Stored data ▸
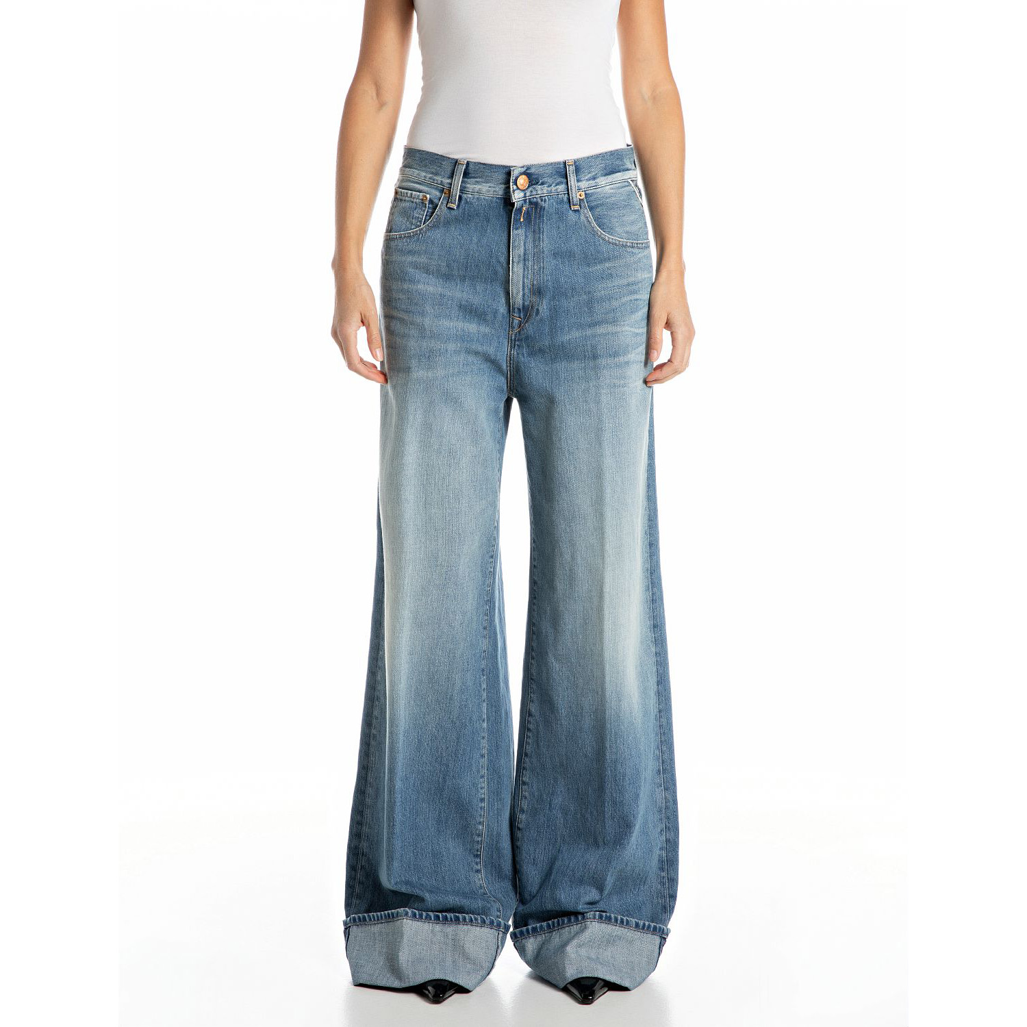 REPLAY WOMEN'S NALAJA WIDE LEG FIT 11 OZ INDIGO COTTON DENIM IN MEDIUM BLUE
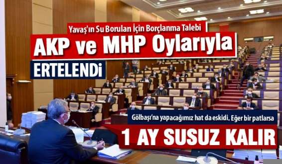 Ankara Büyükşehir Belediye Başkanı Mansur Yavaş'ın Tatlar Arıtma Tesisi ile 13 ilçedeki eskiyen su borularının yenilenmesi için kredi talebi AKP ve MHP oyları ile ertelendi.
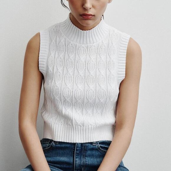 DKNY Jeans Sweater Ribbed Knit Cotton Sleeveless Mock Neck Top White NWT XL
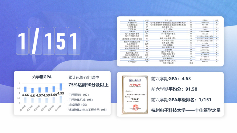通过保研(仅有1%的保研率)被西北工业大学录取,研究方向为“基于VR/AR的信息物理融合制造技术”!获国家留学基金委优秀本科生公派留学资格!大学期间平均学分绩点稳位居年级(151人)第一!获一等奖学金6次,国家奖学金1次,省政府奖学金1次!曾获全国大学生机械创新设计大赛一等奖、全国慧鱼工程技术创新大赛一等奖、全国大学生“互联网+”创新创业大赛铜奖!申报发明专利6项、授权实用新型专利1项……
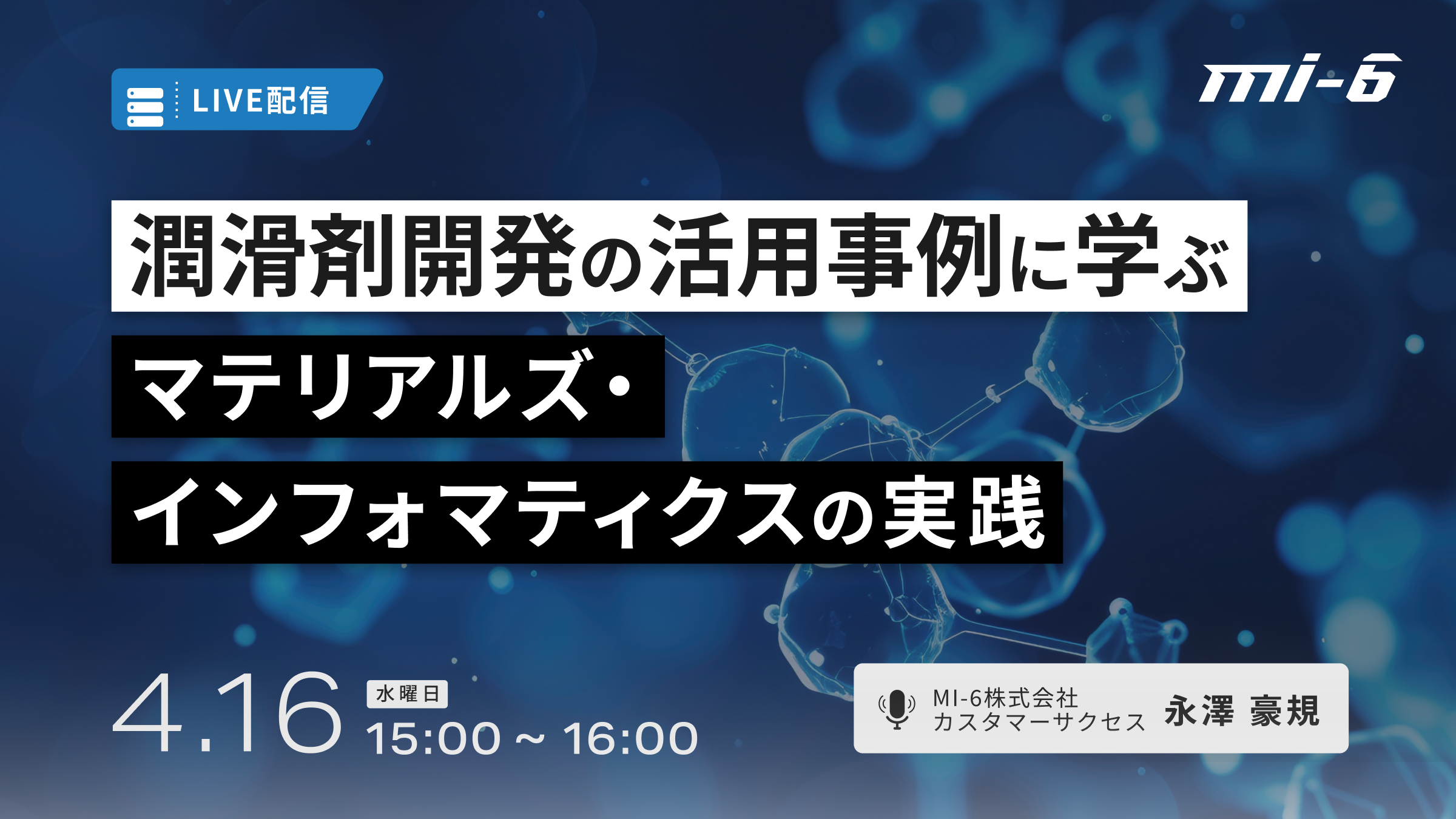 本セミナーでは、潤滑油開発テーマを例に、MIの活用事例をご紹介します。配合設計、特性予測、要因分析といった開発プロセスにおいて、MIがどのような場面で効果を発揮するのか、実践的な視点でお伝えします。潤滑剤開発に携わる方々のデータ活用に向けた第一歩として、ぜひご参加ください。
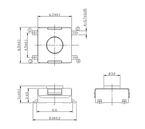 尺寸: 6.2X6.2mm 产品分类: 轻触开关 - E系列 / 6.2x6.2 应用 ※ 各种电子设备像音响设备,办公设备,通讯设备,测试仪器,电视机,录像机,汽车等 特点 ※ 回流可焊 ※ 可做防静电接地脚 ※ 用16mm宽的印花编带包装 ※ 用于高速SMT处理
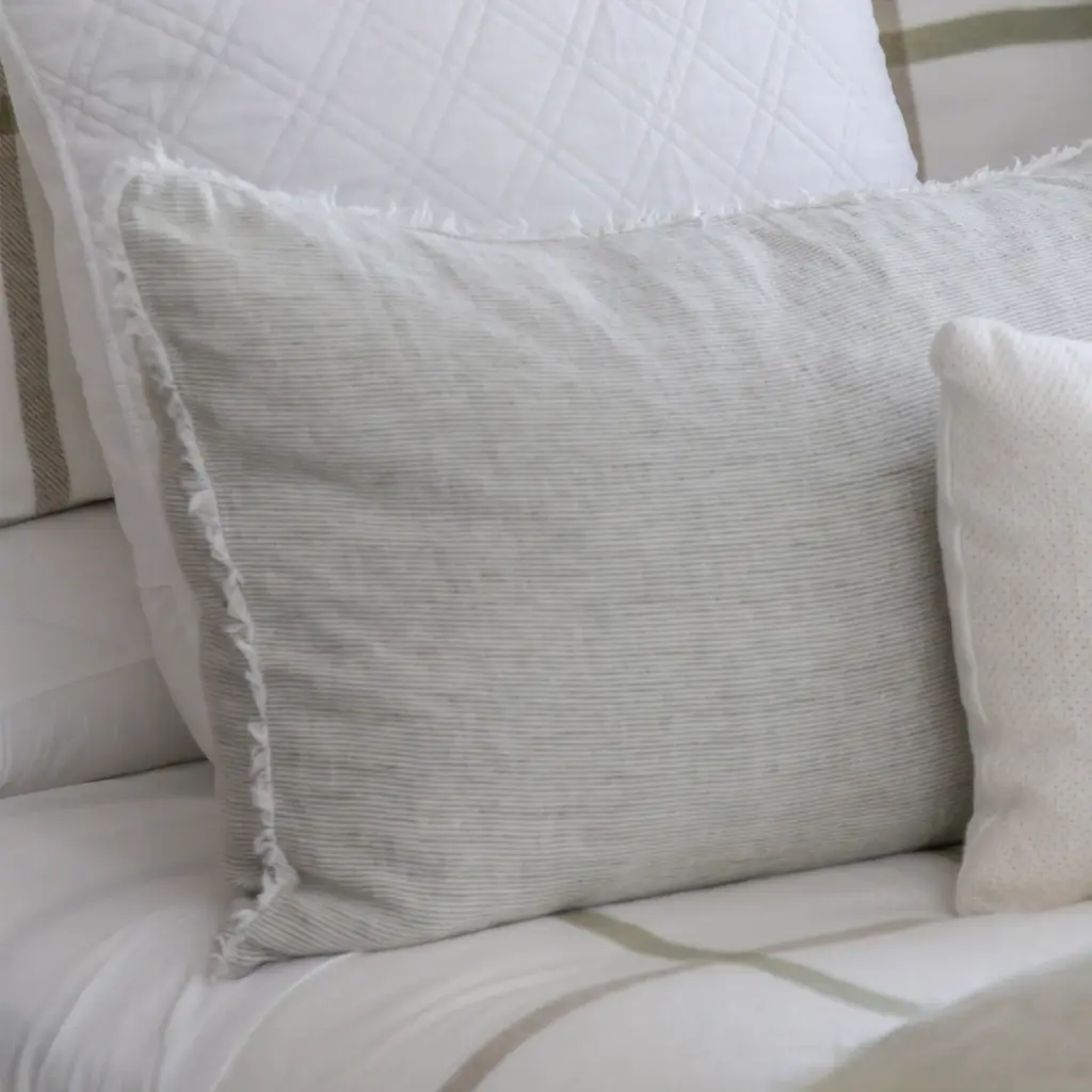 Subtle frayed edges of soft linen add a dash of unexpected detail to this Logan Collection. Woven with two different colored yarns for a heathered effect, features a zipper closure. Features
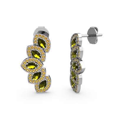 Sitrin ve peridot 18 ayar beyaz altın küpe
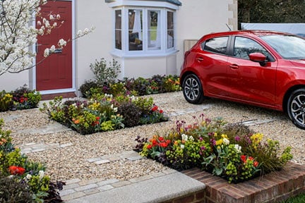 These are design solutions taken from real life and flower shows to help you create an attractive garden complete with off-street parking. Further design ideas can be found on our page on designing front gardens.
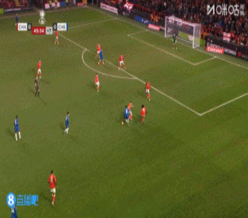 第45+4分钟,切尔西左侧肋部位置送出传中,第一点吉乌头球摆渡,禁区左侧哈托跟进凌空爆射入网!切尔西1-0领先↓
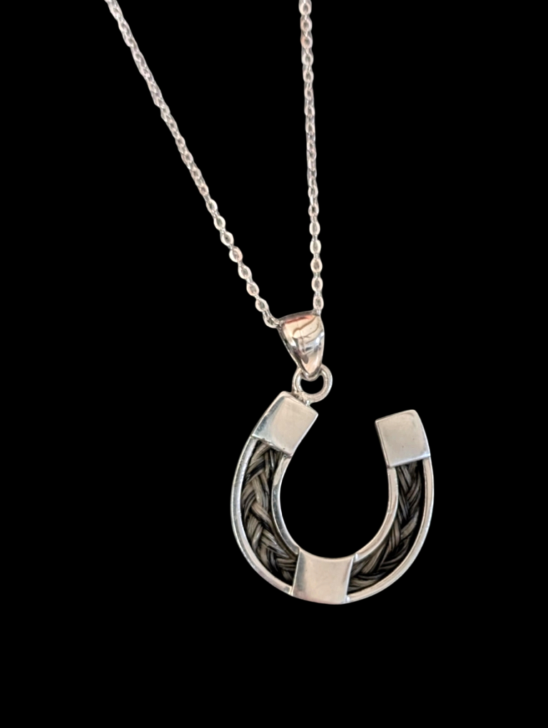 Erinnerungsschmuck - Halskette 45cm + Hufeisen mit Schweifhaar 925 Silber
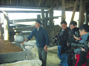 12月8日,永顺县吊井乡樟木村农民正在榨油坊蒸油茶籽粉,吸引了摄影爱好者前来拍照,感受和体验土家文化。该榨油坊历经百年风雨,是我州一座保存完好的原始人力榨油访,去年被申报省级非物质文化遗产保护项目。 吴 华 刘文化 摄

PROBLEM DETAILS ▸
Leave the pictures aside and output each entry exactly as it stands.

RESULT FOR THIS TASK ▸
 REPLAY WOMEN'S NALAJA WIDE LEG FIT 11 OZ INDIGO COTTON DENIM IN MEDIUM BLUE
 Ankara Büyükşehir Belediye Başkanı Mansur Yavaş'ın Tatlar Arıtma Tesisi ile 13 ilçedeki eskiyen su borularının yenilenmesi için kredi talebi AKP ve MHP oyları ile ertelendi.
 DKNY Jeans Sweater Ribbed Knit Cotton Sleeveless Mock Neck Top White NWT XL
通过保研(仅有1%的保研率)被西北工业大学录取,研究方向为“基于VR/AR的信息物理融合制造技术”!获国家留学基金委优秀本科生公派留学资格!大学期间平均学分绩点稳位居年级(151人)第一!获一等奖学金6次,国家奖学金1次,省政府奖学金1次!曾获全国大学生机械创新设计大赛一等奖、全国慧鱼工程技术创新大赛一等奖、全国大学生“互联网+”创新创业大赛铜奖!申报发明专利6项、授权实用新型专利1项……
 本セミナーでは、潤滑油開発テーマを例に、MIの活用事例をご紹介します。配合設計、特性予測、要因分析といった開発プロセスにおいて、MIがどのような場面で効果を発揮するのか、実践的な視点でお伝えします。潤滑剤開発に携わる方々のデータ活用に向けた第一歩として、ぜひご参加ください。
 尺寸: 6.2X6.2mm 产品分类: 轻触开关 - E系列 / 6.2x6.2 应用 ※ 各种电子设备像音响设备,办公设备,通讯设备,测试仪器,电视机,录像机,汽车等 特点 ※ 回流可焊 ※ 可做防静电接地脚 ※ 用16mm宽的印花编带包装 ※ 用于高速SMT处理
 Subtle frayed edges of soft linen add a dash of unexpected detail to this Logan Collection. Woven with two different colored yarns for a heathered effect, features a zipper closure. Features
 Sitrin ve peridot 18 ayar beyaz altın küpe
 These are design solutions taken from real life and flower shows to help you create an attractive garden complete with off-street parking. Further design ideas can be found on our page on designing front gardens.
 第45+4分钟,切尔西左侧肋部位置送出传中,第一点吉乌头球摆渡,禁区左侧哈托跟进凌空爆射入网!切尔西1-0领先↓
 Erinnerungsschmuck - Halskette 45cm + Hufeisen mit Schweifhaar 925 Silber
 12月8日,永顺县吊井乡樟木村农民正在榨油坊蒸油茶籽粉,吸引了摄影爱好者前来拍照,感受和体验土家文化。该榨油坊历经百年风雨,是我州一座保存完好的原始人力榨油访,去年被申报省级非物质文化遗产保护项目。 吴 华 刘文化 摄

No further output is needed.